Parmi elles, l’universitaire algérien installé en France Ali Bensaad. « On peut considérer que le slogan très populaire ‘les généraux à la poubelle’ est d’une radicalité inutile. Aucun acteur politique sérieux ne dirait le contraire, écrit-il, Mais il faut aussi voir que ce slogan vient des tripes les plus profondes de la société, qu’aucun acteur politique ne l’a vraiment promu mais qu’il s’est imposé et qu’il traduit la réalité d’un fossé entre la population et l’armée. Il a le tort d’être seulement émotionnel, sans perspective politique, mais il fait émerger au grand jour une perception de l’armée, largement partagée par la population, comme devenue un corps social parasitaire étranger à la société et un corps politique monopolisant sans partage la décision pour son seul intérêt. »
Le blog de Ali Bensaad est hébergé par le site Radio-M. Cette semaine, le directeur du site a été convoqué par la brigade de recherche et d’investigation de la gendarmerie de Bab Jdid. En se présentant à la caserne non loin de la Casbah d’Alger, ce mercredi 7 octobre 2020, El Kadi Ihssen, le directeur de Maghreb Emergent et Radio M, ne savait pas s’il allait ressortir libre de la bâtisse.

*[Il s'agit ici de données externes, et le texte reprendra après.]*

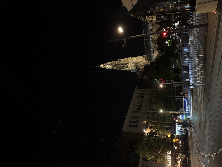 nighttime view of the Grote Markt in Antwerp, Belgium, a bustling public square in the heart of the city. The iconic Grote Markt (51.219, 4.401) is a historical landmark, with its grand architecture illuminated by streetlights. The scene is quiet, showcasing a handful of people walking on the pavement. The background features a towering church building with a pointed spire, while the street in the foreground is empty, except for a few cars. The street lights cast a warm glow on the street, which is lined with buildings on both sides. The tram tracks are visible in the foreground, with the tram stopped off-screen. The image provides a glimpse of the serene nightlife atmosphere in the city.

« Nous pensions que vous aviez un lien avec d’autres personnes, mais finalement nous avons constaté dès hier que ce n’était pas le cas », lui aurait affirmé un officier de la brigade avant de le « remercier » d’être passé.
Oui, les militaires algériens peuvent aussi avoir de l’humour dans l’exercice de leurs nobles fonctions.